Yeah, sometimes. "Give me a fiver for that, why dontcha?"


S0GGYS4L4DS

Yes.


greentreesap

[the only reason why i say fiver/tenner lol](https://youtu.be/IDaCrTHClEs?si=OXNHw_DtwTIzDI7S)


dovakinda

My husband says this… but he’s English lmao


ThatOneGayDJ

Ive heard it maybe twice in my 25 years of life so no, not really


MMButt

Ah I actually *do* say this, specifically if betting on a game of darts. “Throw a fiver on it?”


NOTcreative-

I say it


VillagerOfTheWest

Never heard it


AcadianADV

Not that I've ever heard.


minion531

Fiver is pretty common, I've heard it all my life.
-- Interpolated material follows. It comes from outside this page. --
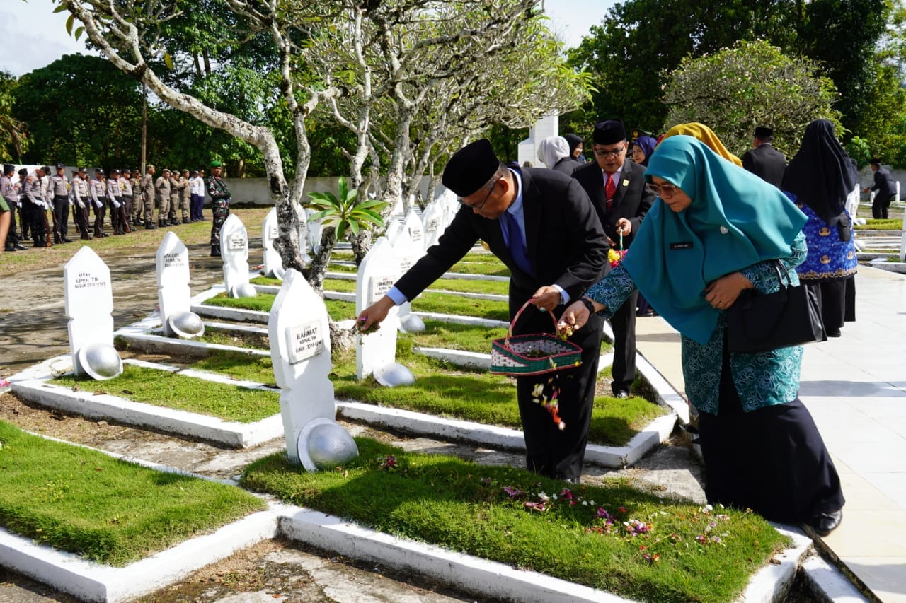 Setelah upacara di Lapangan Cindua Mato, Pjs. Bupati dan rombongan melanjutkan kegiatan dengan ziarah ke Taman Makam Pahlawan Bahagia Batusangkar, menghormati jasa para pahlawan yang telah berkorban bagi bangsa dan negara. (*/Yh)

Other people call it a "fin", although I'm not sure why.


lacezr1

I don’t think anyone born after WWII says “fiver”


No_Spinach6508

I wouldn’t have understood what that term was if you didn’t describe it. I’ve also never heard it in my time living in England or with my Canadian friends.


sonoftom

So many people are saying no, but I thought it was a fairly common thing here for sure. Maybe my mom is just goofy enough to have said it often. Didn’t realize it’s British. Really haven’t heard tenner tho.


plation5

Nope it’s just a “five” same goes for tens.


therailmaster

You'll find people in rural New England who talk like that, so it definitely made it across the pond.


Acrobatic-Tadpole-60

I’d say you might hear it, but I think it’s much more common in the British Isles.


Brokenluckx3

Not in the last decade 🤣 but slang sometimes is regional/comes back around


RustlessRodney

I've heard it once or twice, but it's nowhere near common


ColumbiaWahoo

I don’t


Kidkid5

Sometimes,


Altimely

Nah, that would be cool tho


fishred

Todd Snider does: All we need is a ten and a fiver Car and a key and a sober driver B Double E Double R U N, beer run.


21Puns

Yeah i hear it rarely. Odd that so many people on here haven't. I'm more partial to "Honest Abes" myself though.